The news was received in Goulburn yesterday morning, and caused a shock of surprise, not only amongst the numerous friends and acquaintances of the deceased gentleman, but the public generally.
Mr. Dalglish was a native of New South Wales, having been born at Campsie (his father’s estate) on the Patterson River. At an early age he proceeded to Scotland, and completed his education in Glasgow, where he also learned the profession of surveyor. Prior, to leaving Scotland Mr. Dalglish was offered a lucrative appointment to remain, and was also offered a good position to go to India, but those he refused, preferring to cast in his lot with his own countryman and take his chance in his native land. He returned to the colony about twenty-four years ago, and began the practice of his profession. According to the Blue Book, he received his first appointment under the colonial government on the 6th June 1867. Mr. Dalglish and Mr. A. O. Betts (who is at present chairman of the land board at Cooma) passed their examination together, and entered the government service at the same time. From 1867 till 1872 Mr. Dalglish was surveying on the staff in this district, the coastal district, and the Lachlan district. In 1872 he was promoted a first-class surveyor, and removed to Dubbo; and in 1875 he was appointed district surveyor at that place, which position he filled with the greatest satisfaction till about the middle of 1883, when for the sake of his health and for family reasons he returned to Goulburn, where he accepted the position of first-class surveyor. Prior to leaving Dubbo, however, the department offered him the position of district surveyor at Forbes, but this appointment he declined. On his return here he frequently relieved Mr. E. Twynam, the district surveyor, and in March 1887, when Mr. Twynam was appointed acting Surveyor-general, Mr. Dalglish was appointed acting district surveyor at Goulburn. This office he held until February 1888, when he was granted six months’ leave of absence. On the 15th August, when the term of his leave expired, he resigned from the survey department, after a service of nearly twenty-one years, and his place was filled by Mr. J. L. Tritton.

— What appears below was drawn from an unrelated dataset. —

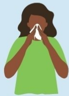
Runny or stuffy nose.
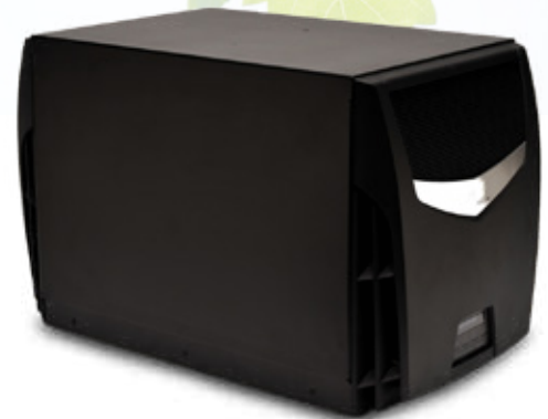
TTW unit out of racking

Mr. Dalglish was considered a very efficient officer, in fact his name was coupled with that of Mr. Twynam as the two most efficient officers in the survey service. His administration at Dubbo and Goulburn was marked by extreme care and caution, and it is said that not a single mistake has ever been attributed to him. He had great capacity for the prompt disposal of work. Many of Mr. Dalglish’s topographical reports of the various parts of the country in which he had been surveying were considered of such an interesting and valuable nature that the attorney-general had copies of them sent to nearly all the district surveyors in the colony for perusal, in order to induce them to send in similar reports. He was very popular, not only with the public but with those over whom he had charge, and who in every case were very devoted to him. The present district surveyor, Mr. Tritton, who served under Mr. Dalglish for seven years, speaks of him as the most efficient officer in the department, and as a man whom many of his staff might look upon as a friend. Mr. Tritton says–”I owe my present position to the training received under Mr. Dalglish, and I have lost a sincere friend.”
Mr. Dalglish was married about thirteen years ago to Miss Mary de Lauret, oldest daughter of the late Mr. A. G. de Lauret of Wynella near Goulburn. He leaves a widow and six children, four sons and two daughters, the eldest, a son, about twelve years old, and the youngest about six months old. Mr. Dalglish was well connected in Scotland, and was a nephew of the late Sir Robert Torrens (of land title fame), and his cousin Mr. Dalglish was for many years representative of Glasgow in the House of Commons. Deceased was about forty-one or forty- two years of age.
Mr. Dalglish held a large interest in the Broken Hill Proprietary Mine, and it in understood he was a man of substantial wealth. He had taken passages for himself and family in the R. M. S.Ormuz to sail on the 5th April next for Europe, it being his intention to have his children educated in Glasgow or Edinburgh.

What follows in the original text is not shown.